SBOM: Paperwork or Practical Security Tool?
While an SBOM shows the list of components used in a software application, the more crucial aspect is to verify that the list is accurate, complete, and trustworthy. Collecting the list alone does not equal security; continuous validation is required.
By consistently validating SBOMs, software teams can transform third-party risk by providing supply chain visibility that generates several key benefits:
- Proactive vulnerability detection
- License compliance
- Continuous monitoring
- Vendor transparency
These capabilities illustrate why an SBOM matters more so in AI-generated code. AI introduces hidden, complex dependencies (models, data, generated snippets) that create unknowns that increase supply chain risk, legal and licensing ambiguity, and vulnerability surface area. All this requires a detailed SBOM to track provenance, bias, and ensure compliance and security.
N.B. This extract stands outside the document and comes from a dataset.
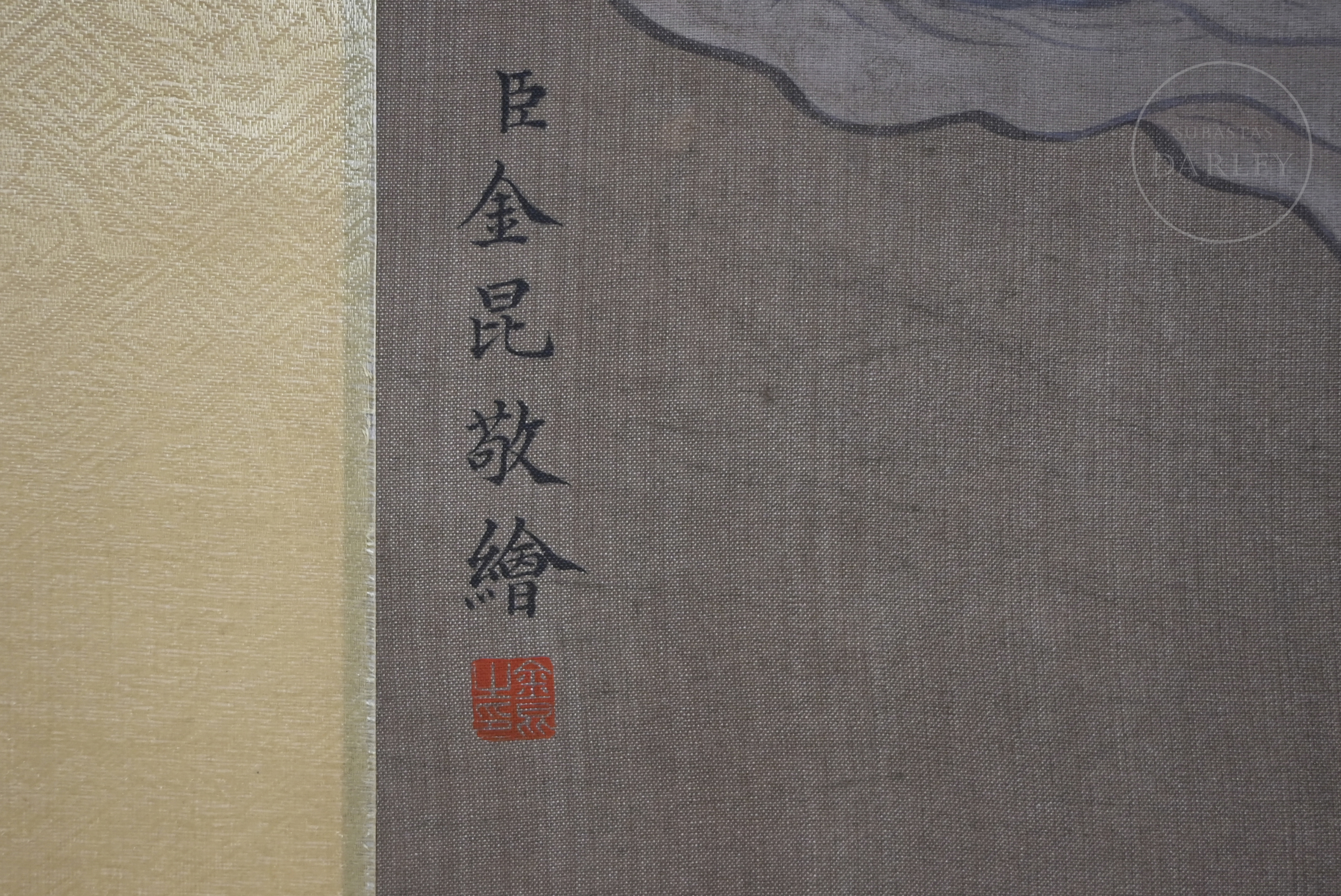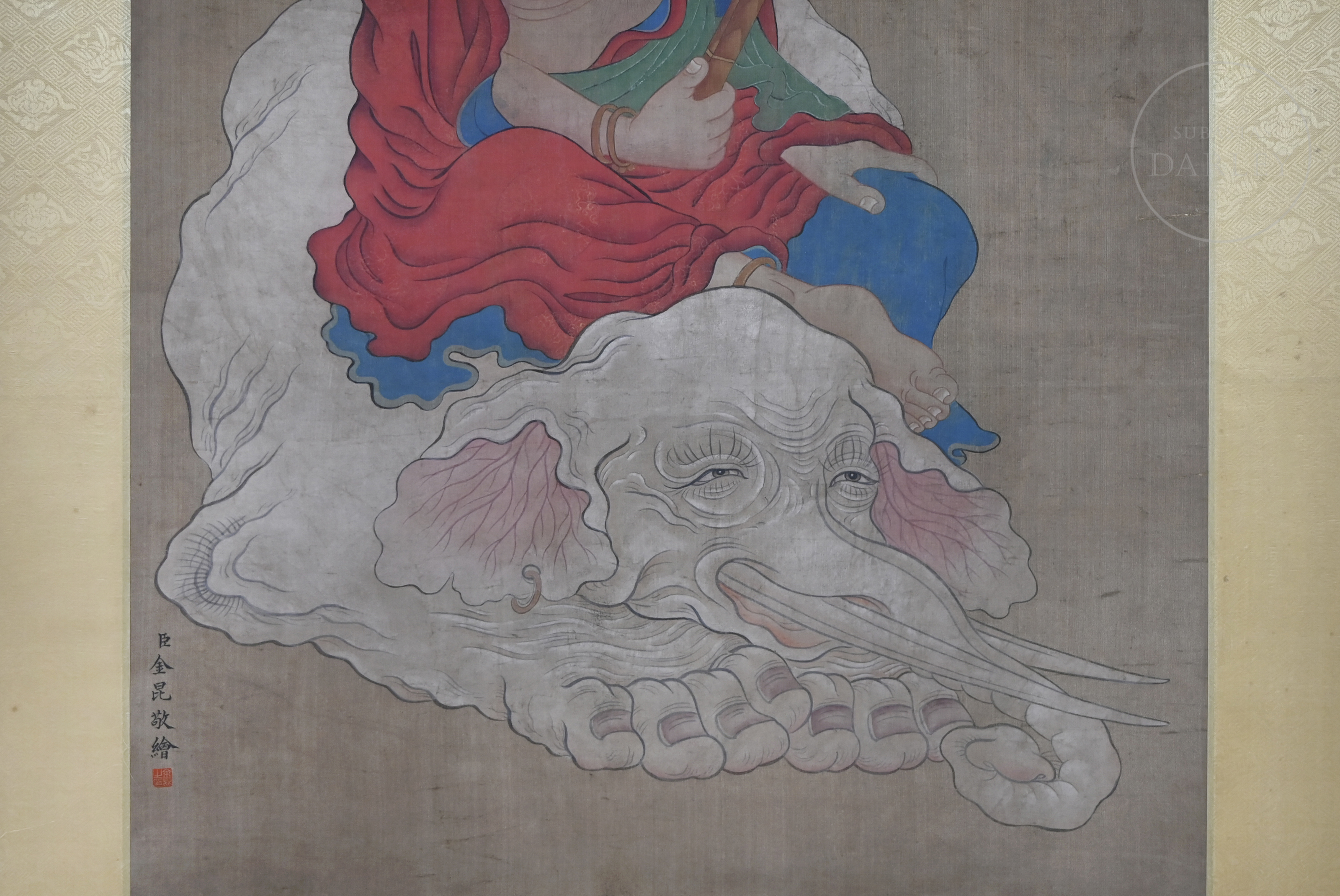 Pintura realizada en tinta y pigmentos sobre seda, dispuesta en un montaje de seda brocada. Representa a una deidad sentada sobre un elefante blanco, portando en su mano un gran ruyi. La figura, de aspecto solemne, viste túnica roja y azul con detalles verdes, mientras que tras ella se dispone un halo circular. En el lateral izquierdo aparece la inscripción "臣金昆敬绘" junto al sello en rojo "金昆之印".

Compliance Maturity as a Security Accelerator, Not a Burden
It is counterintuitive that more security controls lead to faster cyber risk remediation. While additional controls increase complexity and often slow down detection, they also provide more data and enforcement points. When optimized, controls can automate and expedite the response and recovery phases of remediation.
Finding the right balance between regulatory complexity and operational effectiveness lies in integrating compliance into daily operations through technology, unified GRC frameworks, and a strong AppSec culture. Using automation for monitoring, risk assessments, and cross-functional collaboration makes compliance inherent to efficient processes and creates synergy—where staying compliant drives better, more streamlined operations, ensures agility, and builds stakeholder trust.
Compliance frameworks can also tame AI risks by providing a structured, systematic methodology to identify, assess, mitigate, and monitor potential issues across the AI lifecycle. This ensures systems operate within legal, ethical, and secure boundaries and transforms management from a reactive, ad-hoc process to a proactive, continuous system of governance.
Rethinking Software Supply Chain Security in the AI World
AI-generated code introduces novel vulnerabilities and obfuscates traditional risk assessment methods. It also moves the source of potential flaws from human error and known outdated components to the AI model's training data. This demands new assumptions about software supply chain security.
To shift from reactive AppSec to proactive supply chain governance, software teams must gain deep visibility via SBOMs, embed security into CI/CDs pipeline with policy-as-code, automate risk assessment using context, and foster developer ownership. With these capabilities, software teams can focus on continuous monitoring and risk mitigation before code is deployed.
And as AI adoption accelerates, cybersecurity leaders must prioritize securing AI pipeline data and models by implementing robust AI governance and risk policies. Leaders should also adopt defensive AI tools, such as enhancing data security posture management and encryption—all while balancing risk management with innovation.